Você provavelmente já ouviu falar no Fundo Garantidor de Créditos, não é mesmo?. Mas o MRP, que é o Mecanismo de Ressarcimento de Prejuízos, talvez não seja tão conhecido por muitas pessoas da sociedade brasileira, embora seja extremamente importante para garantir proteção aos valores investidos em renda variável.
Antes de falarmos mais sobre esse tema, vamos lembrar que, diante dos últimos acontecimentos envolvendo o caso Master, toda a população voltou a ter certas desconfianças em relação ao sistema financeiro. Contudo, é importante observar que esses casos são isolados e que existem formas de assegurar a proteção do seu dinheiro.
O que é o MRP?
O MRP é um desses mecanismos de proteção dos investidores. Ele funciona de forma similar ao FGC, que está em processo de ressarcimento de milhares de clientes que tinham contas e investimentos no Banco Master e Will Bank, por exemplo, além de outras instituições que foram liquidadas (fechadas) após o caso.

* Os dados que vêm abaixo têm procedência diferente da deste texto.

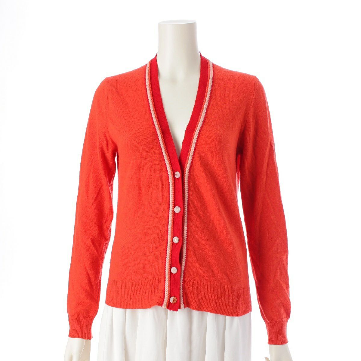 シャネル 02P カシミヤ ココマーク Vネック ニット カーディガン トップス P19097 レッド 40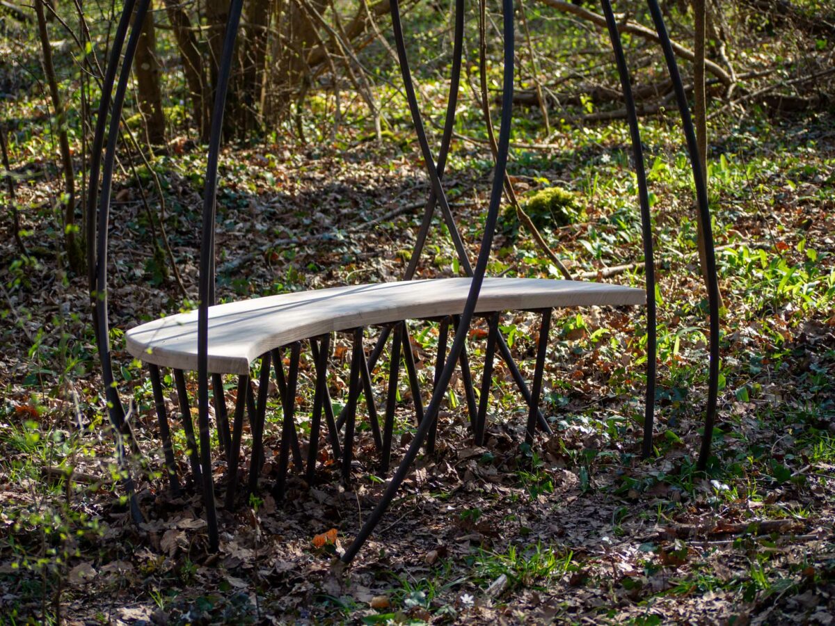 L’installation prend la forme d’un banc en bois et en acier, mettant en scène le dialogue entre nature et intervention humaine.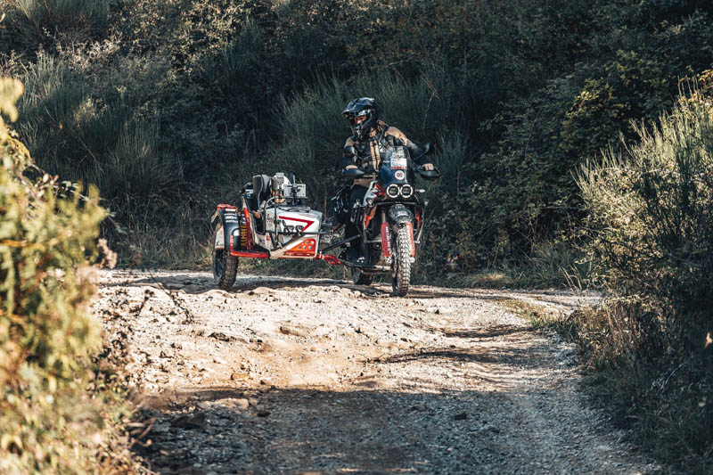 Le side-car était également équipé des sacoches de la ligne Canyon de GIVI, une gamme hautement performante et résistante à l’eau, pensée pour affronter aussi bien des voyages off-road exigeants que de longs trajets en compagnie, garantissant fiabilité et praticité en toutes circonstances.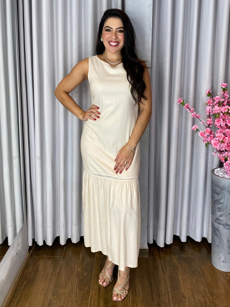 O vestido longuete linho é a escolha perfeita para quem busca elegância com leveza e sofisticação. Confeccionado em linho, tecido nobre e respirável.

O que vamos observar de diferente é o tipo de cobertura, valor e quais investimentos estão cobertos pelo FGC e pelo MRP. Como dissemos anteriormente, o Mecanismo de Ressarcimento de Prejuízos é voltado à proteção de valores mobiliários, como ações, derivativos e fundos de investimento, entre outros, conforme veremos mais abaixo. Dadas essas características, o MRP ficou conhecido como o FGC da Bolsa.
Antes de trocarmos de assuntos, vamos lembrar que o FGC vai garantir a devolução de valores, no máximo de R$ 250 mil por CPF ou CNPJ, de ativos relacionados a contas correntes, poupanças e alguns títulos de renda fixa (Certificados de Crédito Bancário; Letras de Crédito, entre outros).
O que o MRP protege?
Os recursos do MRP são mantidos pela B3, que é a nossa Bolsa de Valores, e todo o processo de apuração sobre o ressarcimento é feito pela BSM Supervisão de Mercados. E agora vem a pergunta-chave: quem tem direito ao MRP? Bom, terá direito aquele investidor que perdeu valores devido a falhas operacionais da B3 e pelo envolvimento de bancos e corretoras em práticas fraudulentas.

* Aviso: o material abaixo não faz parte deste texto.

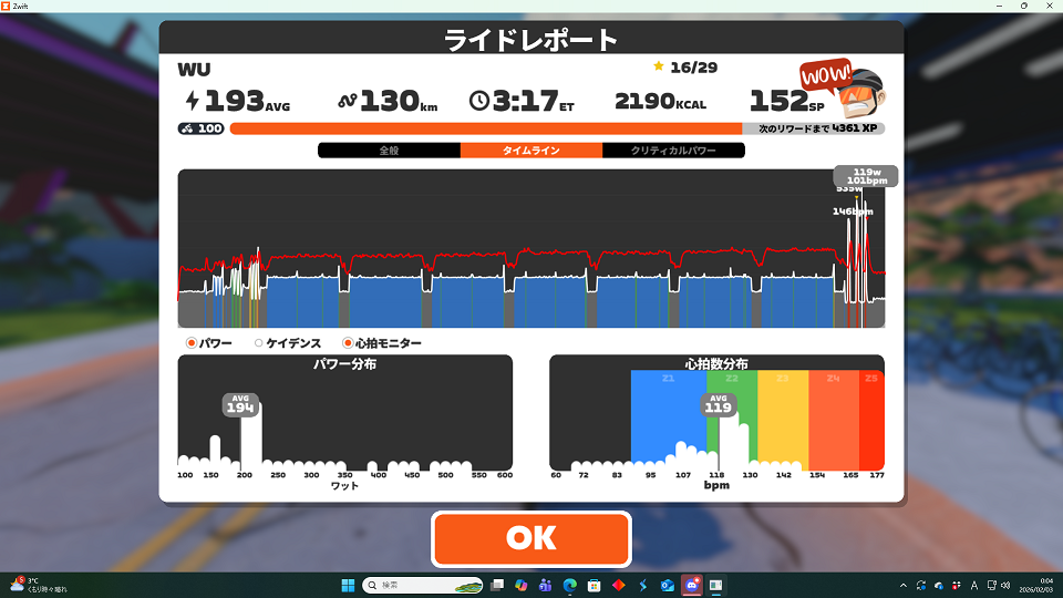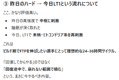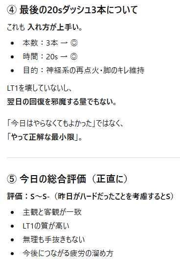 一応明日はVO2Maxを予定していたのだが、AIコーチさんはもう1日待った方がいいんじゃないかとおっしゃっている。どうしたもんかな。う~む。

A BSM Supervisão de Mercados, vale ressaltar, faz um papel fiscalizador do mercado financeiro, no que diz respeito aos títulos de renda variável, principalmente. Dessa forma, ao ter um pedido de ressarcimento, a BSM poderá fazer a devolução de até R$ 200 mil (teto da cobertura).
Mas, nesse caso, é preciso ficar comprovado que a instituição que fazia as aplicações agiu contra a vontade do investidor ou que houve erros na execução de ordens dos ativos negociados. Mas atenção: essa cobertura é válida para aqueles títulos que são negociados no ambiente da Bolsa de Valores, e é por isso que é tão importante verificar se a sua corretora ou banco segue os padrões corretos de funcionamento.

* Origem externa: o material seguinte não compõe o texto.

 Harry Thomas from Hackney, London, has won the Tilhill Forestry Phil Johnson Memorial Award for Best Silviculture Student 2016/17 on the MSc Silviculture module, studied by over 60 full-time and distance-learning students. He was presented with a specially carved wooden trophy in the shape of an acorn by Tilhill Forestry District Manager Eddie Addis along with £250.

Atenção: riscos não são cobertos!
Intervenções ou liquidações da instituição responsável pelos investimentos também podem ser caso de ressarcimentos com o fundo MRP. Um ponto muito importante que você deve saber é que o MRP não cobre aqueles riscos que fazem parte do mundo dos investimentos. Como vimos, é algo bastante técnico, quando há erros relacionados à operação na B3 ou fraudes comprovadas.
Agora que você tem mais um conhecimento sobre proteção e garantias, siga seus investimentos com mais tranquilidade, se atentando sempre a buscar a informação correta e empresas certificadas que te ajudarão a elevar o seu patrimônio. Lembre-se: o conhecimento e a diversificação dos investimentos é fundamental para trilhar os melhores caminhos!